Rich, creamy spinach artichoke dip packed with cheese, Greek yogurt, savory spinach, nutty artichokes, zesty garlic and a kick of smoked paprika.
Okay friends, today is exciting. This is one of my most requested recipes, and it’s here for you in its prime time, which is football food season. Go ahead and bookmark this, because you’ll need it for a certain Sunday 😉
This Ultimate Spinach Artichoke Dip is decadent, creamy, savory, smoky, cheesy, nutty goodness and it’s super easy to make. Really.
I make the food for a D-II football program’s press box, and this is a definitely favorite. I get the food there at least an hour before kickoff, and it’s usually gone before the coin toss.
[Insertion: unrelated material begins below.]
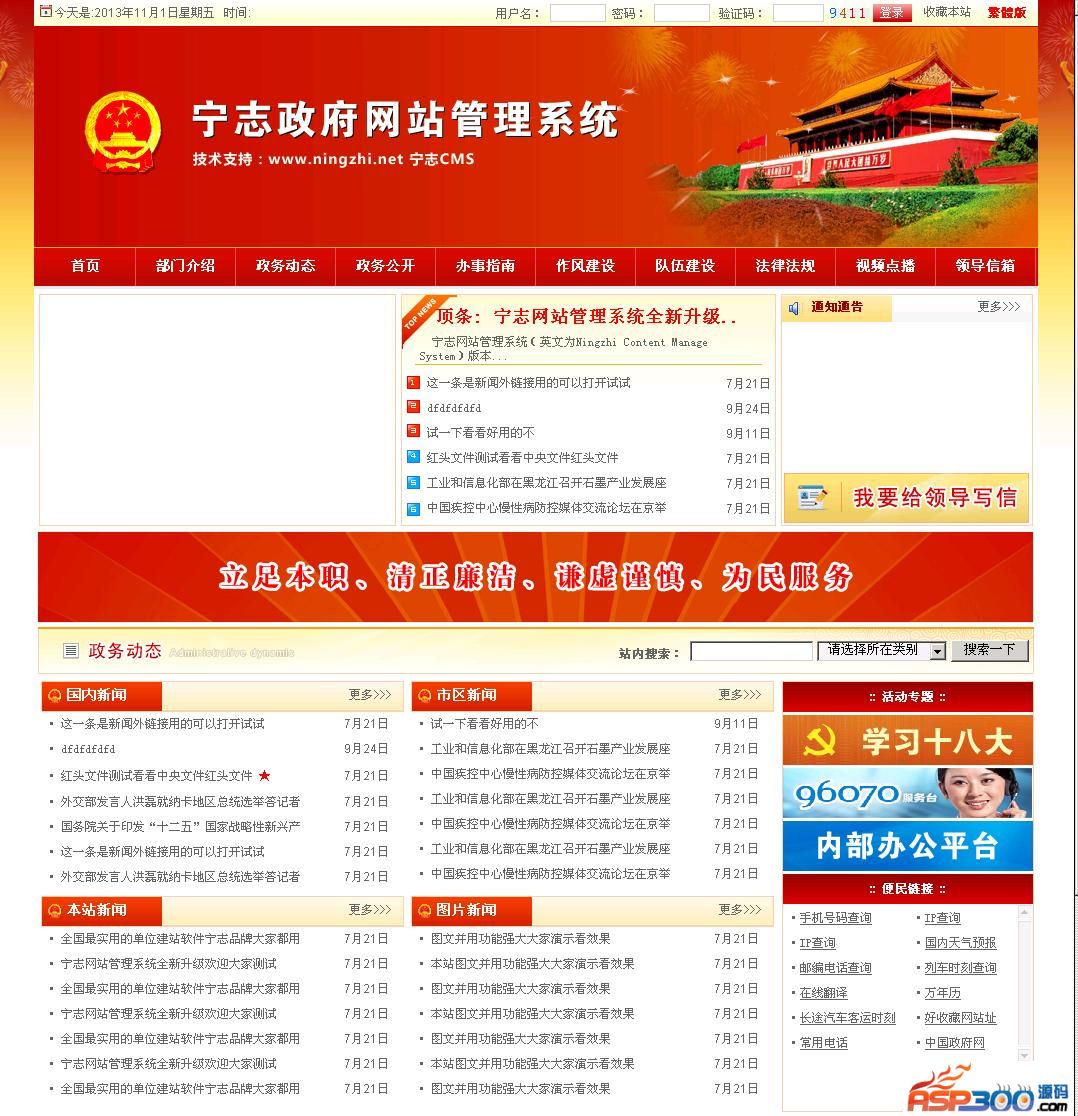 宁志政府网站管理系统为宁志政府网站管理系统的简洁版,去除一些功能,比较适合小单位使用的一套专为地方政府建站首选的信息网站管理系统,大红色风格宽频页面十分大方。宁志网站管理系统是国内知名建站软件,它由技术人员开发好了的一种现成建站软件,主要为全国各地方政府、公安、事业单位、企业公司、自助建站提供方便。网站系统无复杂的安装设置要求,适合广大工作人员使用。特点:安全、稳定、美观、实用、易操作…可设管理员权限分配。

How to make spinach artichoke dip
- Cream together the softened cream cheese and Greek yogurt
- Stir in the seasonings like garlic, salt, and chili paste or flakes
- Stir in the bigger ingredients like cheese, spinach and artichokes
- Put it in a dish. Season it. Cheese it. Bake it.
That’s it! See? Easy. And if you make a lot of dips, you might notice a lot of the steps are the same. So, really, you now know how to make any dip. Learning is fun!
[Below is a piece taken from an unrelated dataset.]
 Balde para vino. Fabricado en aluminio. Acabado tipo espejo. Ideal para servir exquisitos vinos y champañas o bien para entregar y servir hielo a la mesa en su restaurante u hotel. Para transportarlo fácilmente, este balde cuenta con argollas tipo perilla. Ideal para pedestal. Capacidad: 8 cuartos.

For this recipe I really like to use Gourmet Garden’s chili pepper paste (not sponsored). If you can find it near you (I’ve found it at Food City, Walmart, and sometimes Ingles Market), I really recommend keeping a tube in the fridge. I use a little bit of it in most Italian recipes I make, it works great in a pinch when you can’t find gojuchang paste easily, and I much prefer it to chili powder in chili. Otherwise, red pepper flakes work too!
What’s so smart about this Spinach Artichoke Dip?
- It’s just a big, filling appetizer—but you don’t need big crowd to make it! Sometimes if I’m just making it for a few people, I’ll freeze half. It freezes beautifully and I can just pop it in the oven for a few extra minutes when the mood strikes (instructions below). You can also use extra in other recipes. Hello, stuffed chicken breasts! Puff pastry pockets? Don’t mind if I do. Sandwich spread? YUSS.
- It has tons of spinach, artichokes, and greek yogurt. I’m not going to try to pass this off as “healthy” or anything, but it’s nice to have an appetizer that helps you get some veggies and protein.
- Texture. All the stuff above lends variety to each bite—it’s like eating your grandma’s baked mac and cheese vs. the boxed stuff. I like the blue box fine, but you can’t replace those crunchy, buttery breadcrumb-top bites.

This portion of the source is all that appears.